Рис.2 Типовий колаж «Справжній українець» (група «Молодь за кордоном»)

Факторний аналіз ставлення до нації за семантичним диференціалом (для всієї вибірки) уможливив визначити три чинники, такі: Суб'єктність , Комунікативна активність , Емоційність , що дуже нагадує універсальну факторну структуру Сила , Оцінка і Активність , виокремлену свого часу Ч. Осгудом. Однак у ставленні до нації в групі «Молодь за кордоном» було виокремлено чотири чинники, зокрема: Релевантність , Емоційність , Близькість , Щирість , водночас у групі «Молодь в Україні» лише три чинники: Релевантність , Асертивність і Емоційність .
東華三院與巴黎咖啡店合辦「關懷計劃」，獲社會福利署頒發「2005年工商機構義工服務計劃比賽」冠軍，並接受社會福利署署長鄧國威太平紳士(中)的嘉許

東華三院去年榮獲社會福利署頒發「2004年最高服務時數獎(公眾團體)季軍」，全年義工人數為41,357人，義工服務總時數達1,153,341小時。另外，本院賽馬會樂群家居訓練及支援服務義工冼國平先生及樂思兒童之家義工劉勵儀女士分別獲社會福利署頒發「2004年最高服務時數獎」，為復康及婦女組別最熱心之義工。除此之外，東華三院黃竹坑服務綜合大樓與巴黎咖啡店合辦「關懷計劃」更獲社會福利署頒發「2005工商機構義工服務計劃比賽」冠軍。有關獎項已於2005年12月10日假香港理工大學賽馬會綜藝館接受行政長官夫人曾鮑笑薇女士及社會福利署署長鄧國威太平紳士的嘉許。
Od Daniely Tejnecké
==
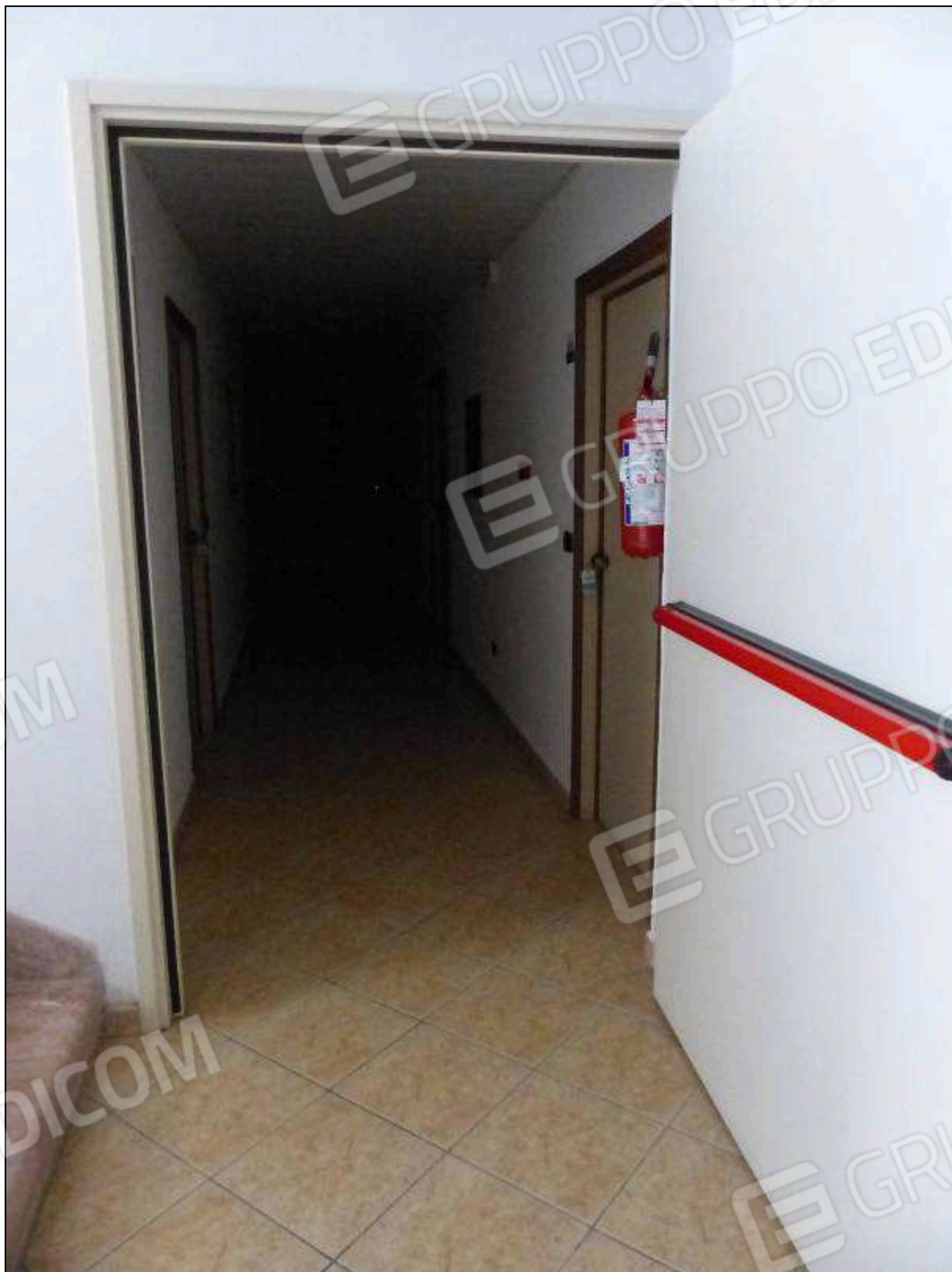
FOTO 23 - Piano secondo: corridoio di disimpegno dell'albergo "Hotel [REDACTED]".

=== Task goal ===
Within the data above, how many lines contain the word "關懷計劃"? Write only the number.

=== Task answer ===
2